Hacker News new | past | comments | ask | show | jobs | submit login
New fastest portable hash: wyhash (github.com)
120 points by rurban 13 days ago | hide | past | web | favorite | 49 comments





Here's a link to wyhash itself: https://github.com/wangyi-fudan/wyhash

Maybe the link could be updated to point to this instead?

Yeah the submitter didn't link to wyhash, they linked to their own project...without the title there'd be no context here. SMHasher is well known (at least the original Google project is, maybe not this fork), but why not just submit wyhash directly? There's no explanation of how wyhash works here, and I can't find a paper.

No, because you need to see it in context. Wang Yi only compared to t1ha, only in one criteria.

This is the code: https://github.com/rurban/smhasher/blob/master/wyhash.h


Awesome! Found a bug (undefined behavior) and made a PR.

https://github.com/wangyi-fudan/wyhash/pull/3


I would love for this to be solid, but something here seems too good to be true. Modern hashing is well-studied, with lots of smart people attacking the problem. Modern hashes like Google's FarmHash are thousands of lines of code with platform-specific intrinsics for acceleration. This hash claims to beat other modern hashes in speed, without using platform-specific intrinsics, and without quality problems, and in a mere 100 lines of code to boot.

I would love for this to be true, but I'd love to see a more thorough explanation of how it manages to be both smaller and faster than other competing hashes.


I would love for this to be solid, but something here seems too good to be true.

How so? It's much slower than AES based hashes. It's about the throughput same as xxHash64. It uses fewer cycles/hash than xxHash64.


> It's much slower than AES based hashes.

I must have misinterpreted the following:

> So the fastest hash functions on x86_64 without quality problems are: > > - wyhash > - t1ha > - [...]

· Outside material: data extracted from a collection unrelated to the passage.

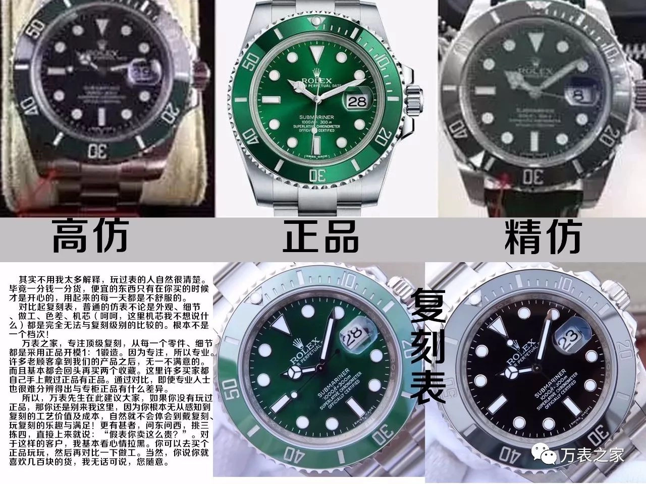 目前市場上那麽大五花八門的產品,也許之前買過的讀者會有這樣感覺,為什麽同一款表,有的差距和正品為什麽那麽大?這種情況,你買的就是一個普通仿表,不論哪個行業都是分等級的。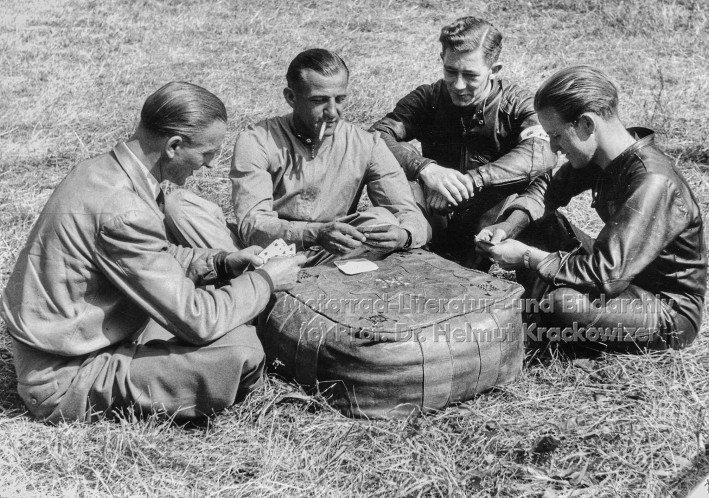 Vier Motorrad-Asse beim Kartenspielen zeigt das Bild links: v. l. n. r.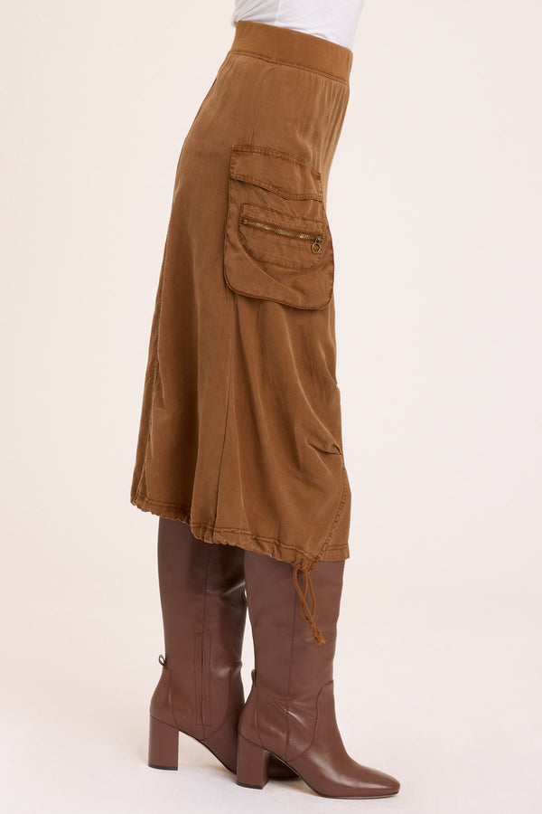 Sisu Corduroy Adjustable Cargo Midi Skirt in Papaver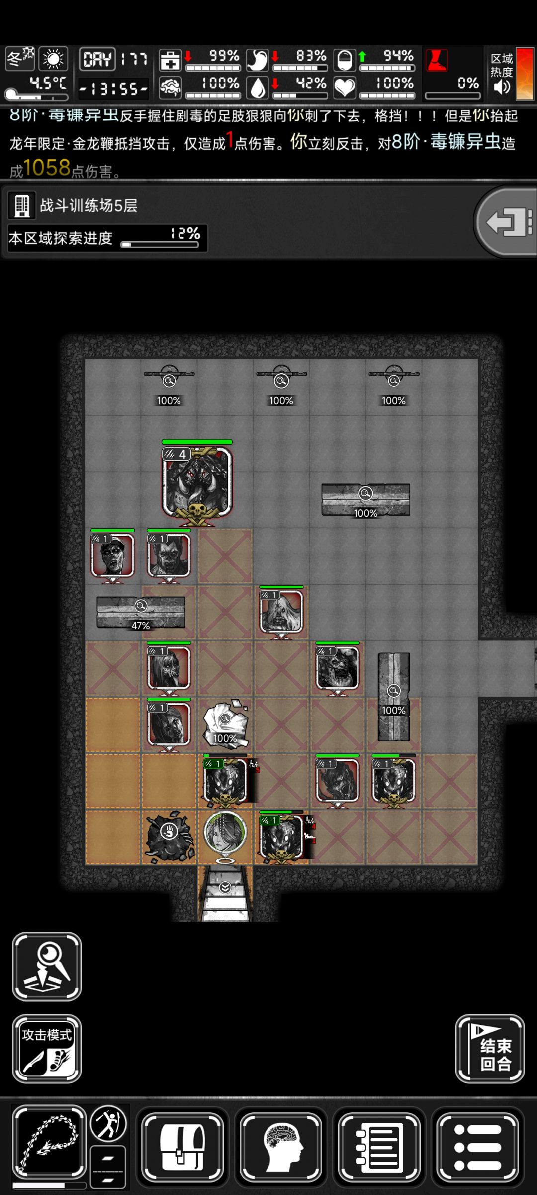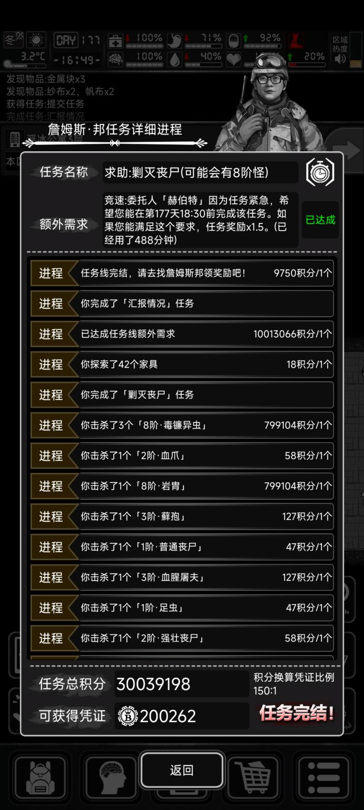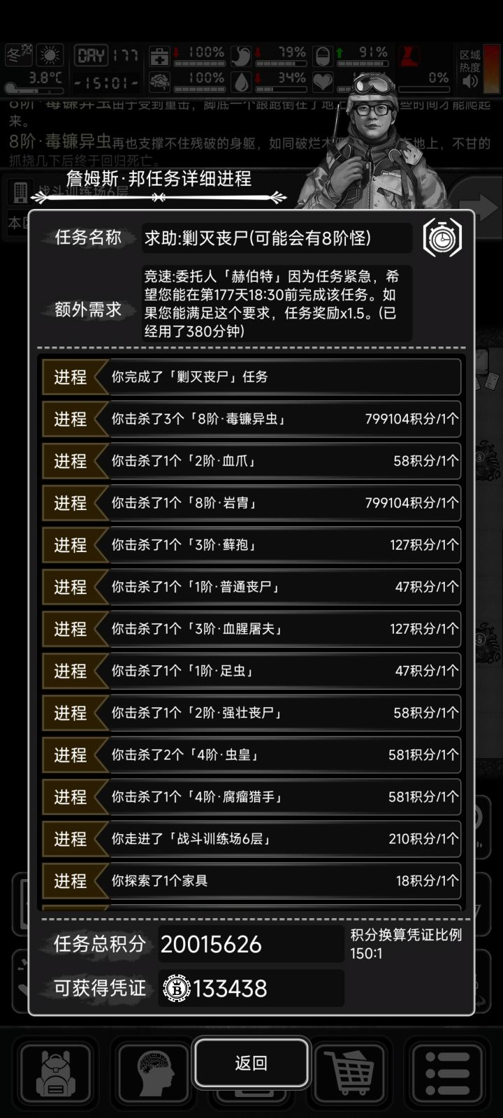 177天战旗8阶竞速剿灭丧尸任务,地点是6层的战斗训练场,大门1只,其余楼层分别sl出4只,这样总共是25只。带的两个龙鞭,一个龙高斯,6级维修盒20来个。肾上腺素5支,烟酒槟榔若干。期间贪金龙鞭法的伤害,被翻车虫击倒后再起不能,挂了两次,稳妥起见还是一直选择持盾鞭打姿势。血瓶流较为稳妥,但是竞速任务时间较赶,基本上来不及。所以采用龙鞭持盾流,虫子攻速较快,反击4-5次基本上就解决了。采用这个方法,做完剿灭任务后,距离竞速截止时间还有3小时左右,还有时间把两栋任务楼层的家具都搜了一遍。我觉得这个分数应该算是战旗任务的天花板了。

I interpreted that to be an ordered list, saying that wyhash was the fastest.

But looking at the actual table I am confused. There are MB/s numbers and cycles/hash numbers. In cycles/hash wyhash appears to beat all FarmHash variants, but in MiB/s it is slower than some of them. I don't understand why these two performance measures would not track perfectly, since the CPUs should be running a constant number of cycles/second.

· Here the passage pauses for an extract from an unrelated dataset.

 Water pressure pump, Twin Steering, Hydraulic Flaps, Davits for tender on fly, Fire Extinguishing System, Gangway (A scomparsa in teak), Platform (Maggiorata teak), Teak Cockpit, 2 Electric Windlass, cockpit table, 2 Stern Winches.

I don't understand why these two performance measures would not track perfectly, since the CPUs should be running a constant number of cycles/second.

x86 isn't RISC and not all operations take the same number of cycles. Also, the code might have different levels of possible parallelism and might impact the pipeline differently.

Comp Sci education for the low level basics is often completely neglected nowadays. This should be freshman year stuff. I'm certainly not an expert, myself, just familiar with the issues. (Know enough to know what you don't know.)


> x86 isn't RISC and not all operations take the same number of cycles.

Yes but it doesn't say instructions per hash, it says cycles per hash. Unless some kind of frequency scaling is going on, the number of cycles per second should be very consistent. If bytes/hash is held constant and cycles/second is constant, then MiB/second and cycles/hash should be exact inverses. I don't understand why this is not the case in these tables.

> Also, the code might have different levels of possible parallelism and might impact the pipeline differently.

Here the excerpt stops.